Wie du dich auf ein Vorstellungsgespräch bei CompuGroup Medical SE vorbereitest
✨Verstehe die Mission
Mach dich mit der Mission von docmetric vertraut. Zeige im Interview, dass du die Bedeutung der Digitalisierung im Gesundheitswesen verstehst und wie deine Rolle als Data Analyst dazu beitragen kann, diese Mission zu erfüllen.
✨Technische Fähigkeiten hervorheben
Bereite dich darauf vor, deine Erfahrungen mit Python, Pandas und SQL detailliert zu erläutern. Sei bereit, konkrete Beispiele für Projekte oder Herausforderungen zu nennen, bei denen du diese Technologien erfolgreich eingesetzt hast.

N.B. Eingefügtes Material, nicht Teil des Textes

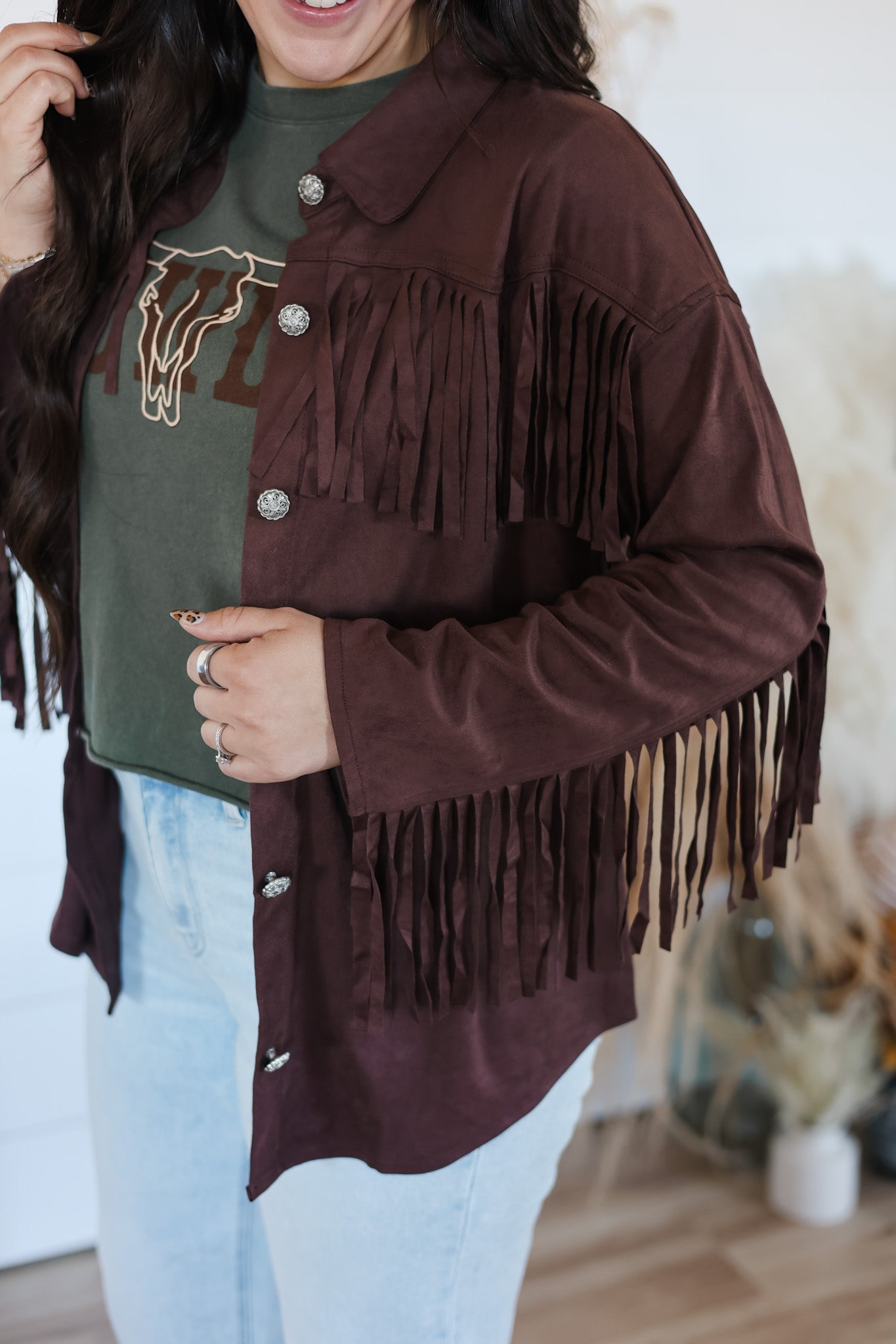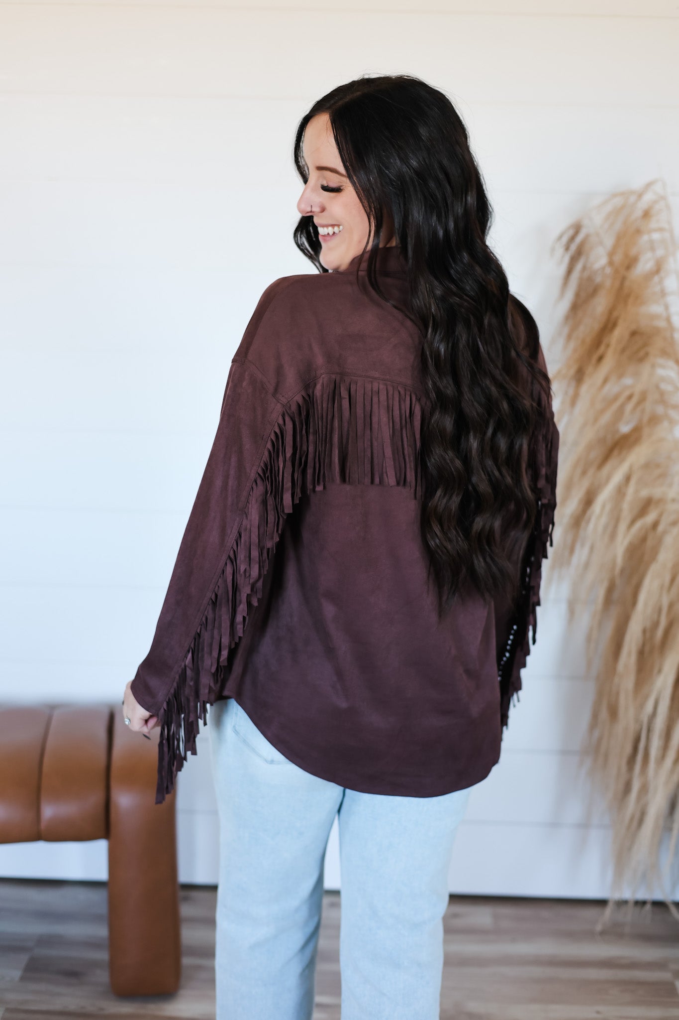 Wrap yourself in effortless cool with the With The Wind Jacket. This stretchy suede piece combines comfy flexibility with eye-catching front buttons and playful fringe sweeping across the back. Perfect for adding a touch of flair to any outfit while keeping you cozy and free to move. Let your style catch the breeze!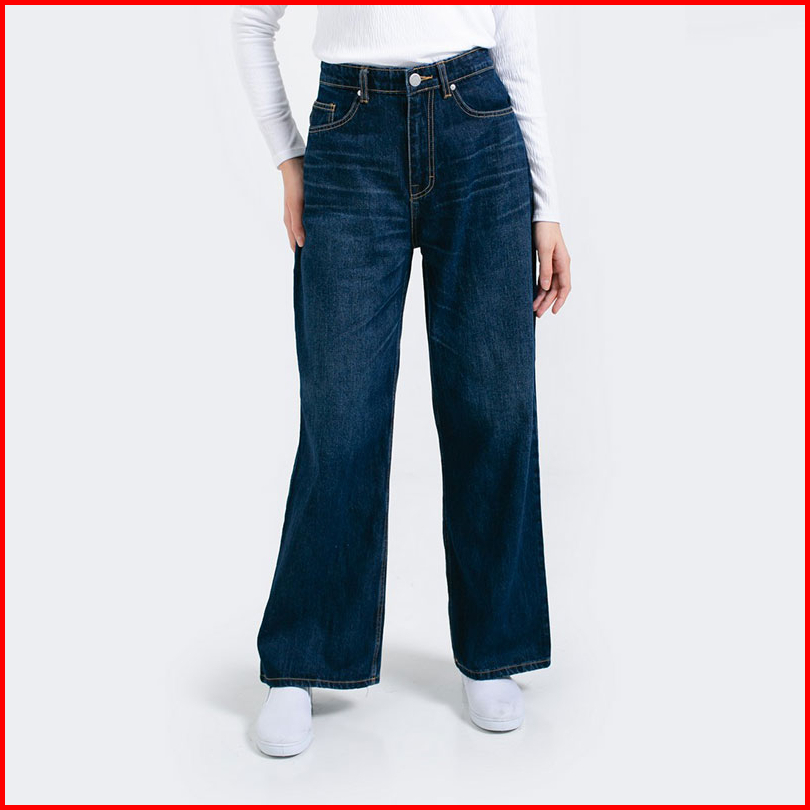 Greenlight Original Celana Wide Leg Jeans 100 Cotton Katun Rigid Long Pants Denim Non Stretch Wanita Medium Blue 161222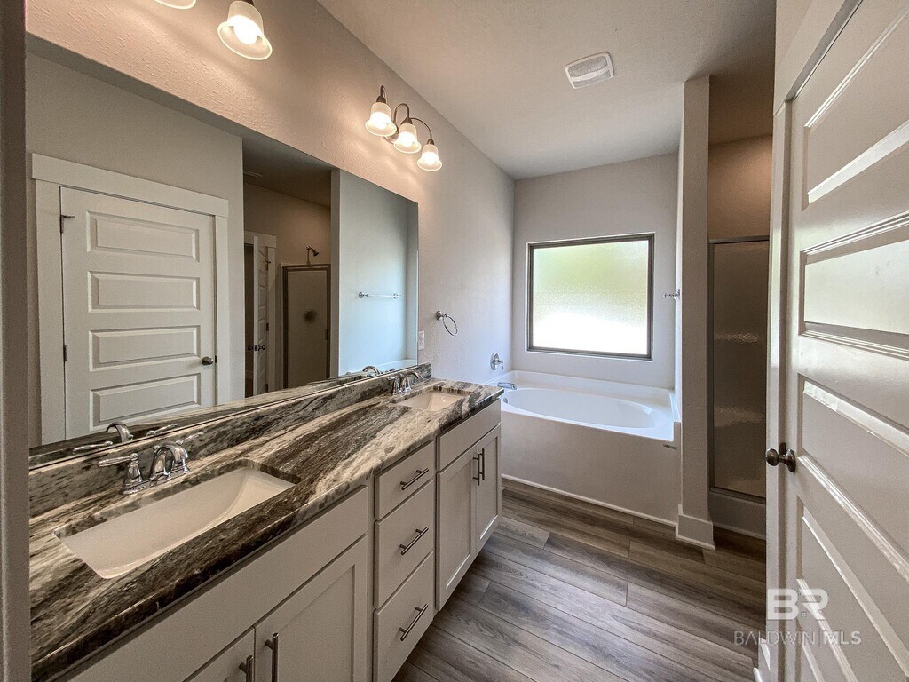 Gorgeous 4BD/2BA corner lot rental located in Gulf Shores! This home features an open floor plan with neutral tones. Beautiful luxury vinyl plank flooring throughout the spacious main entry, living and dining area. The kitchen features granite countertops, stainless steel appliances, white cabinetry, and an oversized island. The spacious master suite comes complete with double vanities, a stand-up shower, and large soaking tub. The three guest bedrooms, all a generous size, are located at the front of the home, along with the guest bathroom and full-size laundry-with washer & dryer hookups. This home also features a two-car garage. Outside you'll find a patio area and large unfenced backyard . This brand-new home is located in the Stonehaven Subdivision . The location is convenient to the white sand beaches, shopping, dining, and everything Gulf Shores has to offer. Tenant responsible for all utilities. Property will be held off market up to 14 days with Property Holding Fee upon approved application. Lease Prep Fee of $75 is due prior to move in. Approved pets require $400 pet fee per pet. Renters insurance is required.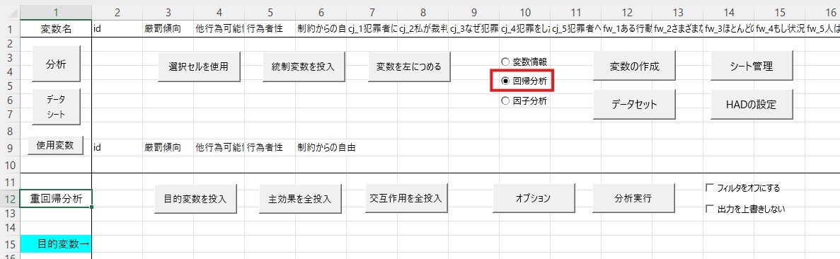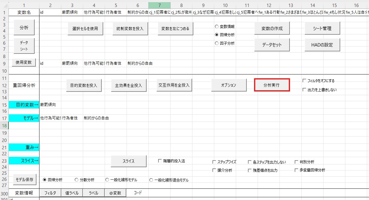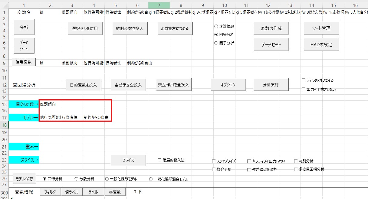 まず重回帰分析に投入する変数を「使用変数」の横にコピペします。ここでは厳罰傾向を従属変数、自由意志信念の3つの因子(他行為可能性、行為者性、制約からの自由)を独立変数としますので、これらの4つの変数をコピペします(相関分析から続けて分析している場合には変更する必要はありません)。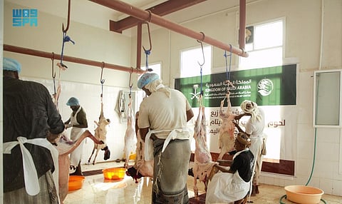 دشن مركز الملك سلمان للإغاثة والأعمال الإنسانية أمس, مشروع توزيع لحوم الأضاحي لأسر الأيتام و الأسر الأشد احتياجًا في مخيم الجفينة للنازحين بمدينة مأرب بمحافظة مأرب؛ حيث جرى أمس توزيع 150 أضحية في المخيم.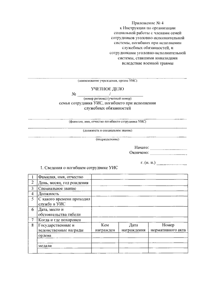 "ОБ УТВЕРЖДЕНИИ ИНСТРУКЦИИ ПО ОРГАНИЗАЦИИ СОЦИАЛЬНОЙ РАБОТЫ С ЧЛЕНАМИ СЕМЕЙ СОТРУДНИКОВ УГОЛОВНО - ИСПОЛНИТЕЛЬНОЙ СИСТЕМЫ, ПОГИБШИХ ПРИ ИСПОЛНЕНИИ СЛУЖЕБНЫХ ОБЯЗАННОСТЕЙ, И СОТРУДНИКАМИ УГОЛОВНО - ИСПОЛНИТЕЛЬНОЙ СИСТЕМЫ, СТАВШИМИ ИНВАЛИДАМИ ВСЛЕДСТВИЕ ВОЕННОЙ ТРАВМЫ"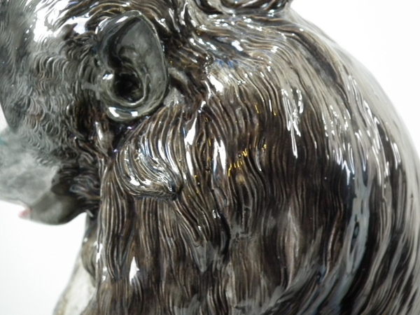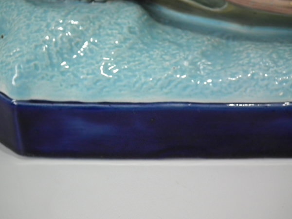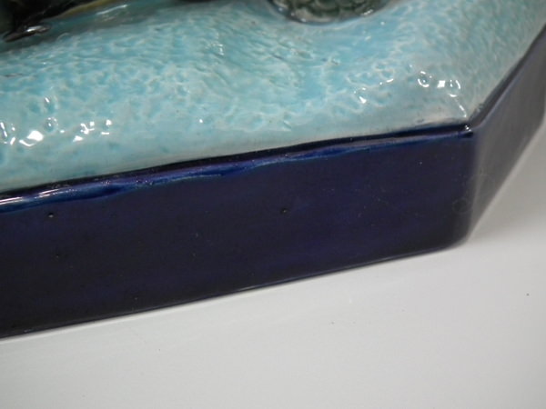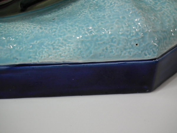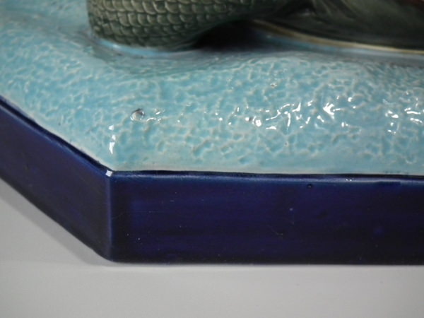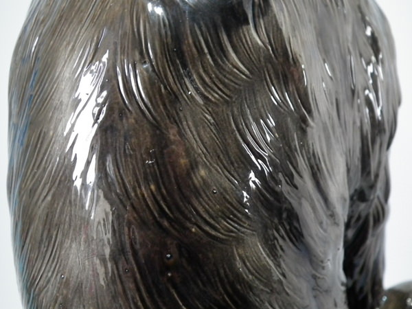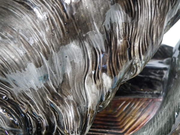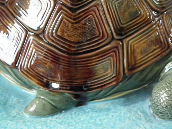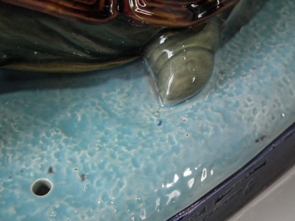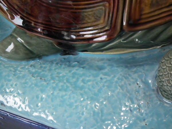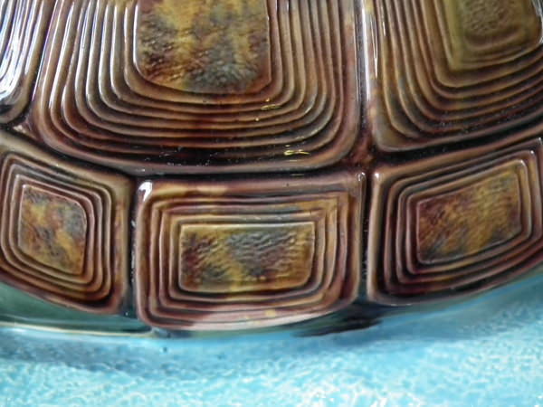 glaze run and uneven application to the brown glaze on the tortoise shell.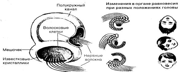 Рис. 7.9. Рецепторы ощущений равновесия Проприоцептивные ощущения. Как вы помните, к проприоцептивным ощущениям относятся ощущения движения и равновесия. Рецепторы ощущений равновесия находятся во внутреннем ухе (рис.7.9). Последнее состоит из трех частей: преддверия, полукружных каналов и улитки. Рецепторы равновесия находятся в преддверии. Перемещение жидкости раздражает нервные окончания, расположенные на внутренних стенках полукружных трубок внутреннего уха, что является источником ощущения равновесия. Следует отметить, что ощущение равновесия в обычных условиях мы получаем не только от названных рецепторов. Например, когда у нас открыты глаза, то положение тела в пространстве определяется и с помощью зрительной информации, а также двигательных и кожных ощущений, через передаваемую ими информацию о движении или информацию о вибрации. Но в некоторых особых условиях, например при нырянии в воду, информацию о положении тела мы можем получать только с помощью ощущения равновесия. Следует отметить, что не всегда сигналы, идущие от рецепторов равновесия, достигают нашего сознания. В большинстве случаев наш организм реагирует на изменение положения тела автоматически, т. е. на уровне бессознательной регуляции. Рецепторы кинестетических (двигательных) ощущений находятся в мышцах, сухожилиях и суставных поверхностях. Эти ощущения дают нам представления о величине и скорости нашего движения, а также о положении, в котором находится та или иная часть нашего тела. Двигательные ощущения играют очень важную роль в координации наших движений. Выполняя то или иное движение, мы, точнее наш мозг, постоянно получаем сигналы от рецепторов, находящихся в мышцах и на поверхности суставов. Если у человека нарушены процессы формирования ощущений движения, то, закрыв глаза, он не может идти, поскольку он не может поддерживать равновесие в движении. Это заболевание называется атаксией, или расстройством движений. Date: 2015-05-08; view: 655; Нарушение авторских прав |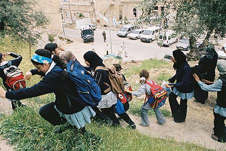 Anak-anak SD Palestina di Al-Khalil ini sedang bergegas karena di kejauhan nampak para pemukim Yahudi sedang mendekati mereka. foto: EAPPI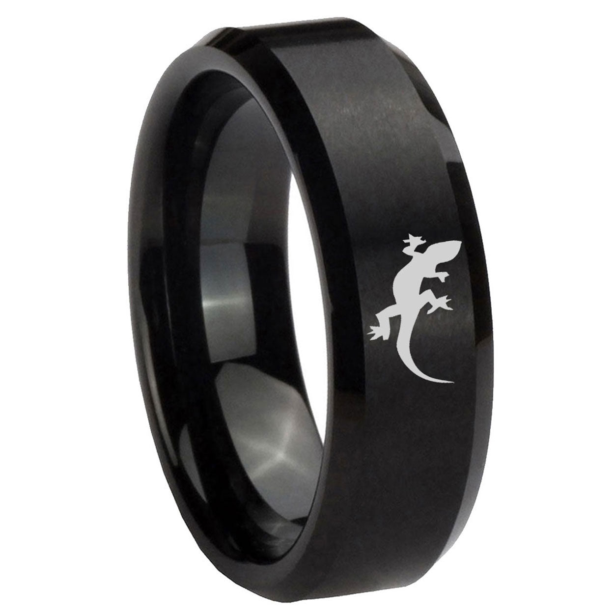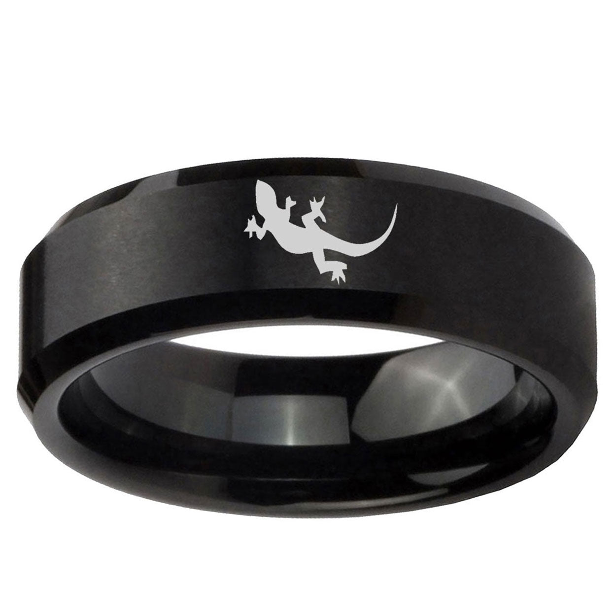 Intruding 5, 8mm Lizard Beveled Edges Brush Black Tungsten Carbide Mens Anniversary Ring . Offer in both 5mm and 8mm band width brushed black plated finished from size 4 to 14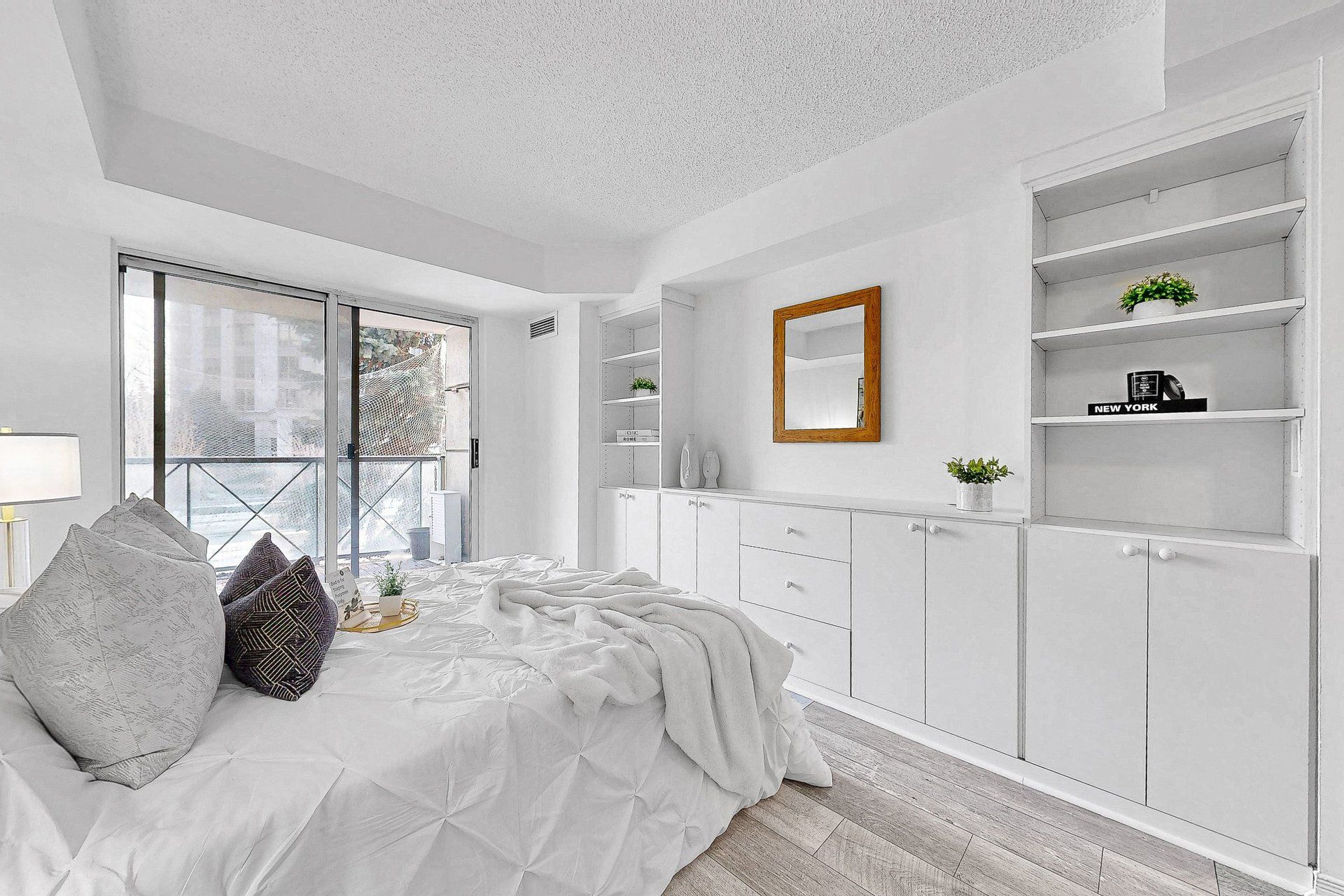 • Primary bedroom includes built-in shelving and a generous walk-in closet.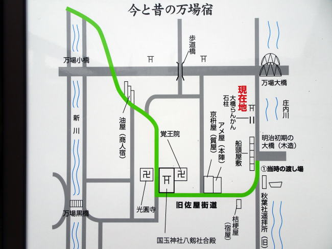 秋葉神社にある旧万場宿の看板。緑色が佐屋街道です。

✨Interdisziplinäre Zusammenarbeit betonen
Da das Unternehmen Wert auf Teamarbeit legt, solltest du Beispiele aus deiner bisherigen Berufserfahrung anführen, die deine Fähigkeit zur Zusammenarbeit in interdisziplinären Teams zeigen. Betone, wie du unterschiedliche Perspektiven integriert hast, um bessere Ergebnisse zu erzielen.
✨Fragen vorbereiten
Bereite einige durchdachte Fragen vor, die du dem Interviewer stellen kannst. Dies zeigt dein Interesse an der Position und am Unternehmen. Frage beispielsweise nach den aktuellen Projekten im Bereich Datenanalyse oder wie das Team die Datenqualität kontinuierlich optimiert.